The knock came just after dawn.

Kyle sat at his small kitchen table, elbows braced on the worn laminate, staring at the slow drip from the faucet. The rhythm had irritated him for days, each drop landing like the tick of a clock, but this morning it just filled the silence. His coffee had gone cold hours ago, the surface filmed over.

When the knock came again, heavier this time, he knew it wasn’t a neighbor.

He stood, heart stuttering once before finding its old, steady beat, the one he’d learned overseas, the one that always came before orders.

Through the peephole he saw two men: one older, dressed in a brown sport coat that didn’t fit quite right, the other younger, posture rigid, hand resting close to his radio.

Kyle opened the door.

“Mr. Whitaker?” the older one said. His voice had the calm certainty of someone who’d already decided what kind of man he was speaking to.

Kyle nodded.

“I’m Detective Harlan,” the man continued, showing his badge in a brief, almost courteous flash. “This is Officer Denton. We’d like to ask you a few questions about something that happened on West Auburn Street last night.”

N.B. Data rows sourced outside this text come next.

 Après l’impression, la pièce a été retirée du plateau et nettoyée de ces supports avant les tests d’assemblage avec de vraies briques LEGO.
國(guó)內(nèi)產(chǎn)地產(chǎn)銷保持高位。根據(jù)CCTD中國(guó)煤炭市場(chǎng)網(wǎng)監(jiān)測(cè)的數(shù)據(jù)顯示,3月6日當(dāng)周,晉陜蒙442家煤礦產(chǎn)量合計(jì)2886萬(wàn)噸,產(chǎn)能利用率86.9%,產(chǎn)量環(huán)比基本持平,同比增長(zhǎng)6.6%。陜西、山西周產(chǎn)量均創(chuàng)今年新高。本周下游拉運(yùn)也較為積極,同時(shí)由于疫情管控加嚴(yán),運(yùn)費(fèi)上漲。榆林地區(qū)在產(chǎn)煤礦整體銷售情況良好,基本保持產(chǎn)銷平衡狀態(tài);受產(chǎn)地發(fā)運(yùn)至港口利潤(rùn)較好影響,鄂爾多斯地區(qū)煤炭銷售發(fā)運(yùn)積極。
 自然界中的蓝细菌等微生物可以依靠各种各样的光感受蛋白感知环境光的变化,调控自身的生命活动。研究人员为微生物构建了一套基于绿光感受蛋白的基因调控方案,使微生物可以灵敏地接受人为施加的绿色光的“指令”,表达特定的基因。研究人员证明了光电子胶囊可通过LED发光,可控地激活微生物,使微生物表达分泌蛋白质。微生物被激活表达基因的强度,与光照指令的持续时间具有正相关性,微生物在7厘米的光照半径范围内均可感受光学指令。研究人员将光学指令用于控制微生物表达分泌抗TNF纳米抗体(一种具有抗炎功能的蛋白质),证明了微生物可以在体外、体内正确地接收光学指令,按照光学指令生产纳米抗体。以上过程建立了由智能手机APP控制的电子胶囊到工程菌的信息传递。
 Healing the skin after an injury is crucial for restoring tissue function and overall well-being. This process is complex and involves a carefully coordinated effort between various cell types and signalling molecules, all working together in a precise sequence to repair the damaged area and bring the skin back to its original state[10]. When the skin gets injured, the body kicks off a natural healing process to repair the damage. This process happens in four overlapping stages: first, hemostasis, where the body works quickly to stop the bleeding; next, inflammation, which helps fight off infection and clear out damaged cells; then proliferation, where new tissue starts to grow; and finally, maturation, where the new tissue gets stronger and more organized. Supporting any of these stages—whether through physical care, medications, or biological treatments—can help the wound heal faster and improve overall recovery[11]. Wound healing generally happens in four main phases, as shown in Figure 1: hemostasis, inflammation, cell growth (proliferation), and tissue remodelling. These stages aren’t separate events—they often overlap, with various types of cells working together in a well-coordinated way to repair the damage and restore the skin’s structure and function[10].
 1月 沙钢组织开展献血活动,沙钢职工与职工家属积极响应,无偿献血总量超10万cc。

Behind them, the early light painted the parking lot in pale gold. Somewhere a dog barked, and a garbage truck hissed to a stop. The world went on, utterly normal.

“Come in.”

“We’d like to do it at the station,” said Harlan.

Kyle felt himself go rigid.  He studied Harlan’s eyes.  “Am I being arrested?”

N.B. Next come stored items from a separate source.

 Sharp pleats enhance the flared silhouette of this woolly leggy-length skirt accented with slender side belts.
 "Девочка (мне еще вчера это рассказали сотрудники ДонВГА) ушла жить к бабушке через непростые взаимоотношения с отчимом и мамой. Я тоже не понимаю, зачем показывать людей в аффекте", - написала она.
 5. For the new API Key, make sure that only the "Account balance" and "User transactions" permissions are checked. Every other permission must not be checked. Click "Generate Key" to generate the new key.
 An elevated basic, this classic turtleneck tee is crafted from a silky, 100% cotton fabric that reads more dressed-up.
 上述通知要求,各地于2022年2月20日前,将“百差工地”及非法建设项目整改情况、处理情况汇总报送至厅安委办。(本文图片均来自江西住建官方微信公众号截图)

“Should you be?” asked Denton.

Harlan raised his hand.  “No, it’s just a better place to take down your statement.”

Kyle didn’t resist. Didn’t ask what it was about. The calm that had kept him alive through deployments settled over him again, a strange, hollow steadiness that made everything distant.  If he pushed it far enough away, it wasn’t really happening.

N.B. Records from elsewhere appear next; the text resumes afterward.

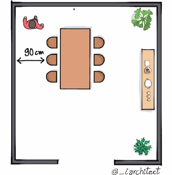 🍽️ Rule #1: Maintain 90cm (3 ft) behind every chair
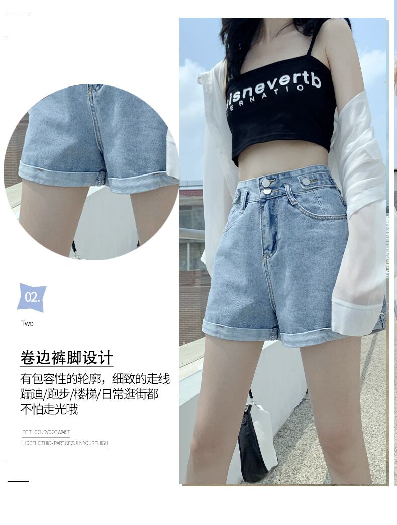 デニムショーツレディースサマーシンセクション2021ニュールーズオールマッチシンウルトラハイウエストAラインワイドレッグパンツトレンディイン ハイウェスト 夏物 ブルマー youqi47701365424
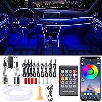 Interior Car Lights, 9 in 1 Car LED Strip with Wireless APP/RF Remote/Button Control, 16 Million Colors Ambient Lighting Kit with 5 Fiber Optic LED
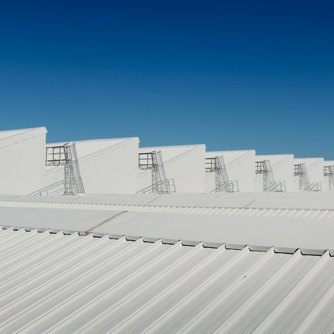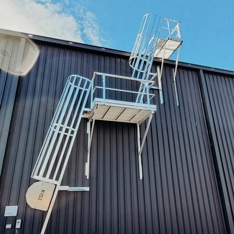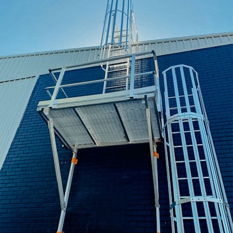 Angled rung caged ladders provide access to main roof areas up to 6.0m and access between varying roof levels above 3.5m.
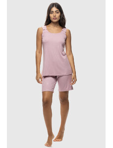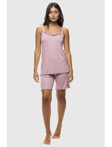 Koyote Γυναικεία καλοκαιρινή Viscose πυτζάμα ριπ με φαρδια τιράντα και βερμούδα-ΚΓ6409
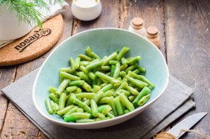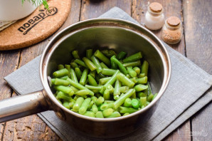Фасоль знявайце наперад з моразільніка, зварыце 3 хвіліны і адразу злівайце ваду.
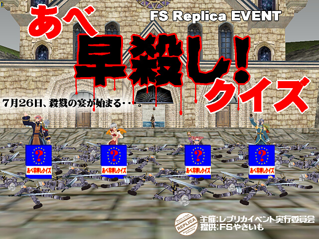 ニューヨークへ行きたいか!? 罰ゲームは怖くないか!? 阿部を殺したいか!! 阿部を殺して、クイズに答える。 クイズに答えて、阿部を殺す。 楽しさ2倍でお得さ満載♪ レプリカが送る新感覚クイズ番組! 「あべ早殺しクイズ」 7月26日午後10時より放送スタート!
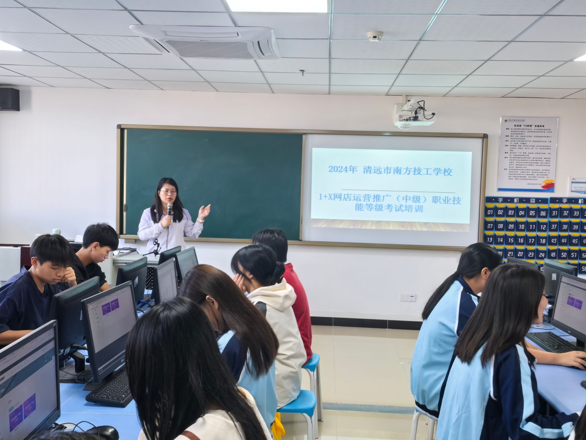 近日,为了更有效地推进教育部第三期供需对接就业育人项目中的“广州城建职业学院电子商务专业产教融合人才培养与实践”课题的核心目标,即深化“1+X”职业技能等级证书考点的建设。在11月2日至11月17日的周末时段,该项目的主持人邱丽娜携手核心成员伍倩莹和吴雄林老师组成的专业教学团队,受清远市南方技工学校的诚挚邀请,针对该校2024级电子商务专业的60余名学子,开展了“1+X网店运营推广”(中级)职业技能等级证书的专项考证培训。

He grabbed his jacket from the back of the chair, locked the door out of habit, even though he had nothing worth stealing, and followed them out.


The back seat of the cruiser smelled faintly of vinyl and sweat. The cage between him and the front seats gleamed faintly in the light. Officer Denton didn’t speak; the only sound was the soft crackle of the radio and the hum of tires on the road.

At a stoplight, Kyle caught his reflection in the plexiglass divider, older, drawn, the mustache too dark against skin that hadn’t seen sun in weeks.

He didn’t look guilty. Just tired.


The interview room was colder than it needed to be. A single vent rattled overhead, blowing air that smelled faintly of disinfectant. Fluorescent lights hummed, bleaching everything to a dull blue-white that made even clean skin look sickly. Kyle wondered whether not having modern LED lighting played somehow into the questioning.

A camera in the corner blinked red.

Detective Harlan sat across from him, notepad at his elbow, untouched. He’d taken off his jacket, rolled his sleeves. The gesture looked friendly, but Kyle knew that it wasn’t.

“You were at the Roof Motel last night,” Harlan said, his tone mild, “room 214?”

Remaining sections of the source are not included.